There was no significant difference in MDD diagnosis across treatment arms at 6 weeks (p = 0.08), when 10 (34.5%) of coached, 8 (29.6%) self-directed and 18 (56.3%) WLC patients met MDD criteria. Similarly, there was no significant difference in MDD status between coached (6, 24.0%) and self-directed patients (6, 18.8%) at week 12 (p = 0.63). There was no significant difference at the Week 16 (4-week post-treatment) follow up (coached, 7.4%, self-directed 15.4%, p = 0.42).

Relationship between Adherence and Depressive Symptom Severity

Baseline PHQ-9 was not significantly related to number of login days (rs = −0.07, p = 0.58), number of days from first to last login (rs = −0.02, p = 0.87), number of lessons viewed (rs = 0.08, p = 0.55), variety of tools used (rs = 0.05, p = 0.67), or frequency of tools used (rs = −0.00, p = 0.97).

Improvement on the PHQ-9 at week 12, controlling for baseline PHQ-9 and group allocation, as adherence was related to group, was significantly related to number of login days (β = 0.14; 95%CI = 0.03,0.24; p = 0.02), number of lessons viewed (β = 0.40; 95%CI = 0.12,0.68; p = 0.01), total tool usage (β = 0.01, 95%CI = 0.003,0.02; p = 0.01), and the variety of tools used (β = 1.21; 95%CI = 0.22,2.20; p = 0.03). Improvement in PHQ-9 was not related to the number of days from first to last login (β = 0.04; 95%CI = −0.02,0.09; p = 0.35).

Adverse Events

No adverse events were found.



The TeleCoaching model, based on supportive accountability [14], produced significantly greater adherence to moodManager across most markers, including number of days logged in, time to discontinuation of website use, number of lessons viewed, and types of interactive tools used; the effect number of tools used did not reach significance. This stands in contrast to two recent trials from Farrer [24] and Berger [25] comparing web-based interventions for depression guided by coaching with standalone web-based intervention, which did not find any increase in adherence produced by coaching.

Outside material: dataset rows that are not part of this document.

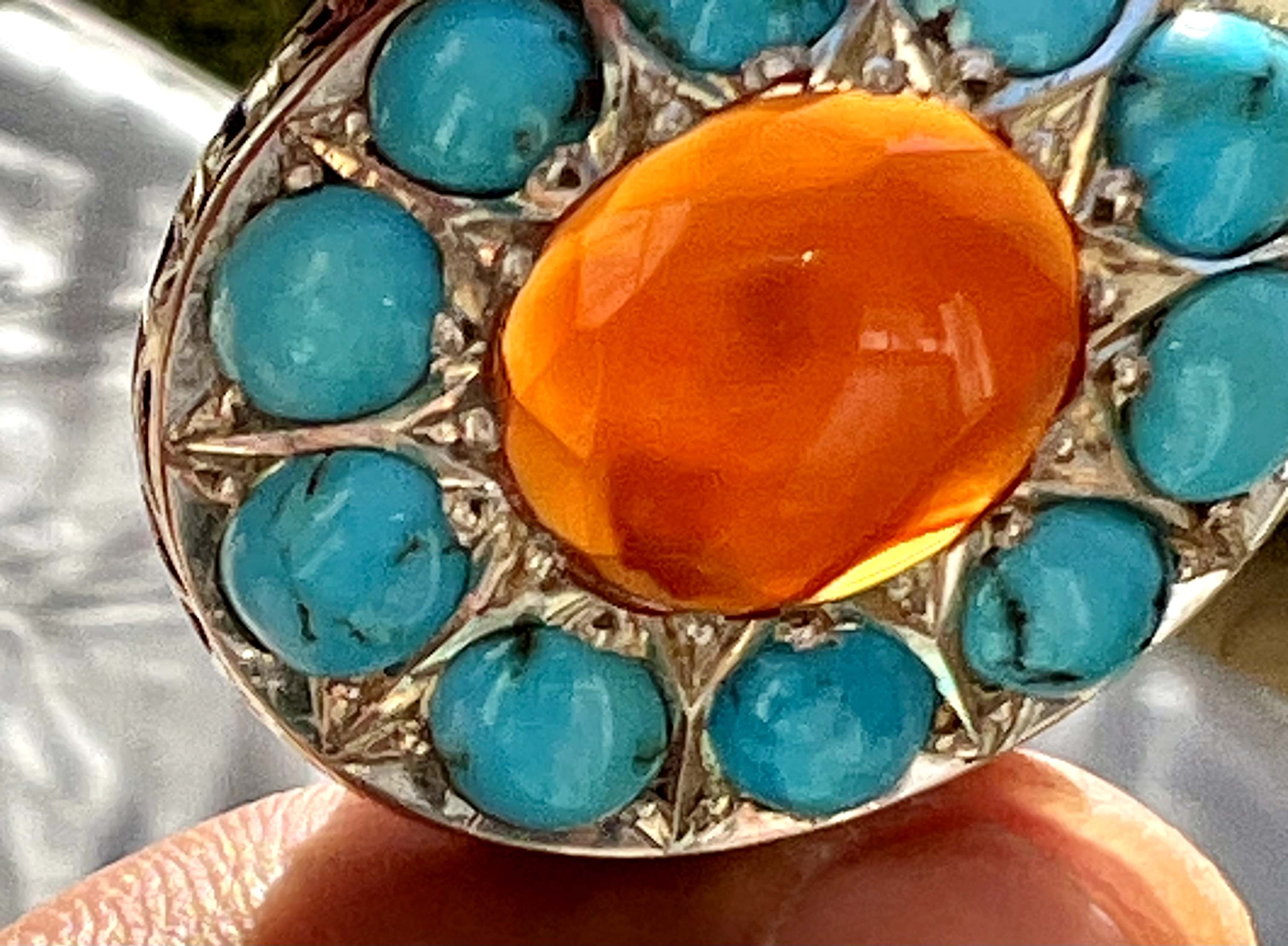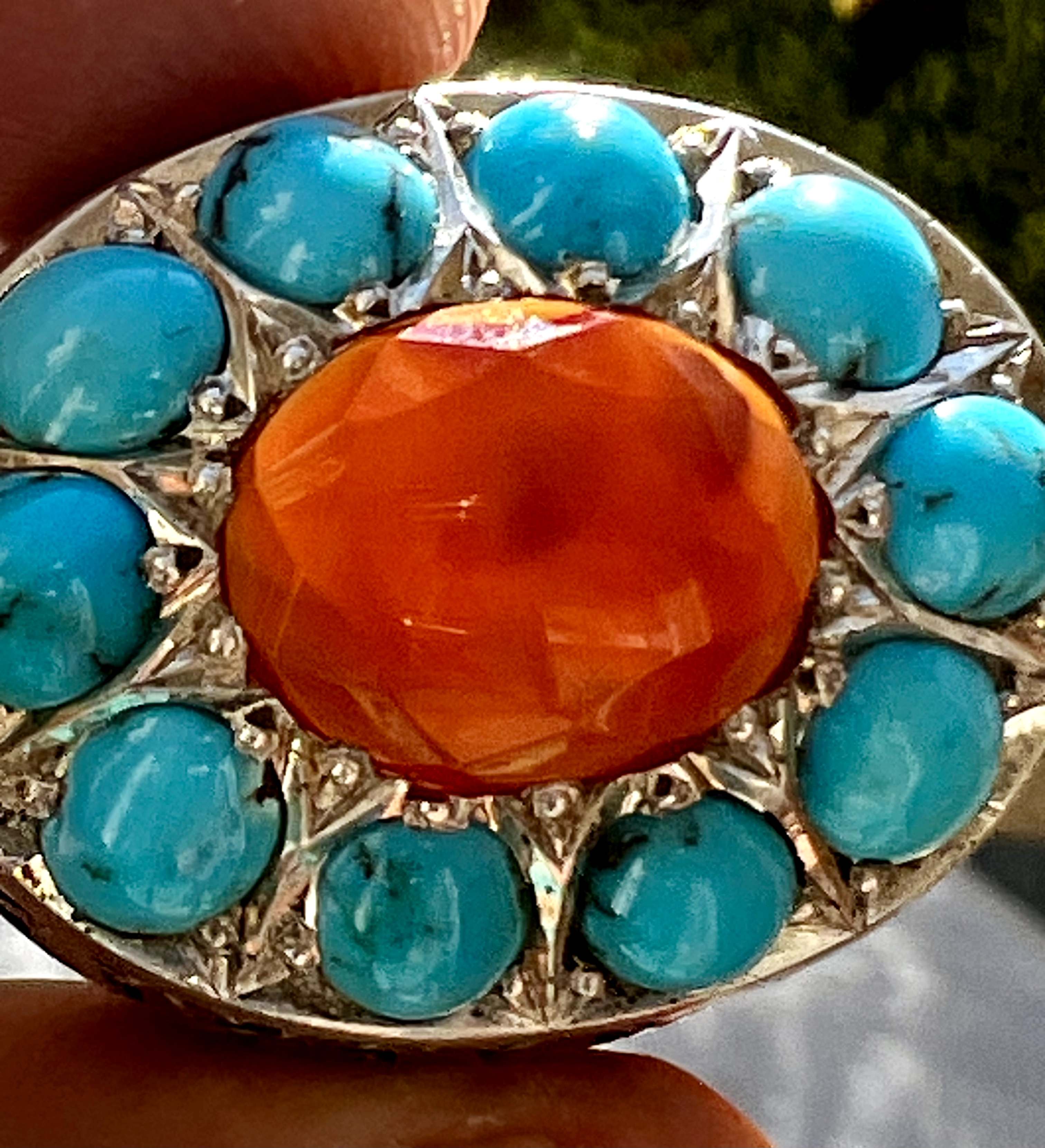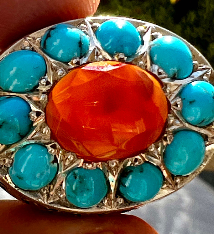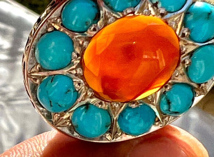 نگینهای اطراف ۱۰ عدد فیروزه ناب نیشابوری معدنی رنگ کاملا طبیعی و احیا نشده رنگ آبی آسمانی شاد اندازه متوسط ابعاد همه ۶ در ۵ میلیمتر
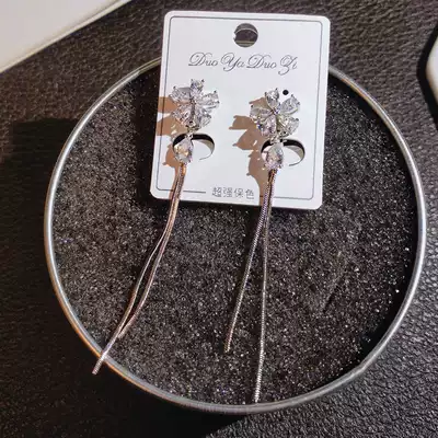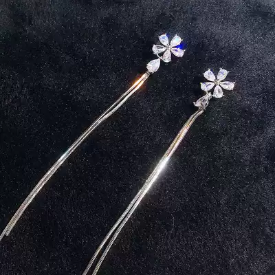 Japanese and Korean temperament earrings female su long version of sterling silver ear nails 2021 new trendy zircon earless pierced ear clip ear jewelry
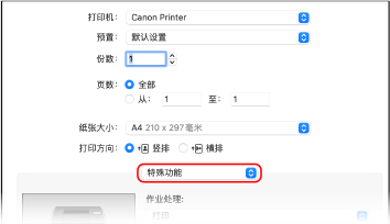 从打印选项弹出菜单中,选择 [特殊功能]。
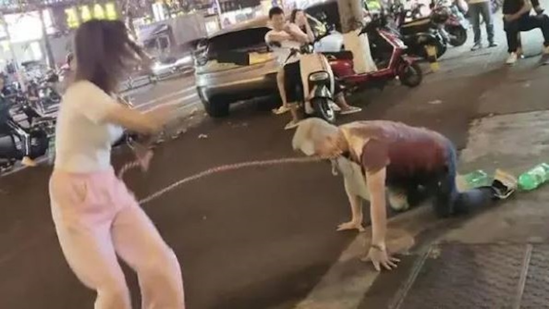 海南海口近日出現令人咋舌的一幕,一名女子用鐵鏈牽著一名男子,前者對在地上爬行著的後者邊抽打邊直播,場面齷齪。目前,二人已被行政拘留。TVBNOW 含有熱門話題,最新最快電視,軟體,遊戲,電影,動漫及日常生活及興趣交流等資訊。6 M5 t, ]9 p/ e

The Farrer trial provided weekly telephone coaching, but reported median usage of only 2 lessons in the coached intervention and 1.5 in the standalone intervention [24], compared to 8.5 lessons and 5 lessons respectively in the current study. There are many differences between the two trials. Farrer used Moodgym, which is a well-validated intervention [26], [27], and recruited from a national telephone helpline, while we used moodManager [16] and recruited from primary care. It may be that patients calling into a helpline, not expecting sustained treatment, were less motivated than the primary care patients in this study, which resulted in basement effects. However, it is also possible that the use of a manualized coaching protocol based on supportive accountability [14] provides greater guidance to coaches with respect to actions required to enhance adherence.

The Berger trial reported mean use of 8.5 lessons using an email coaching protocol, compared to 6.8 lessons in the standalone intervention [25]. While in the Berger trial the difference between these two usage rates was not statistically significant, these rates are closer to the usage rates seen in our trial. Berger's coaching protocol focused on patient use of the site, which was similar to the aims of TeleCoach. Berger recruited through public advertising, which may have recruited a more motivated sample, as participants had to have the initiative to contact the study.

In contrast to the Berger and Farrer trials, our trial demonstrates that coaching using a manualized supportive accountability approach delivered via telephone can improve adherence. This is consistent with qualitative studies indicating that participants in web-based depression interventions want human support to help with discipline in adhering to treatment (accountability), personal contact (bond), and feedback that they are using program correctly [28].

Depressive Symptom Outcomes

TeleCoached moodManager produced significant improvement in depressive symptom severity, relative to WLC at week 6. However, consistent with Berger and Farrer trials, there was no significant difference between TeleCoached moodManager and self-directed moodManager at any timepoint. These findings stand in contrast to meta-analyses and reviews that consistently find that coached web-based treatments produce larger effect-sizes than uncoached interventions [9], [29].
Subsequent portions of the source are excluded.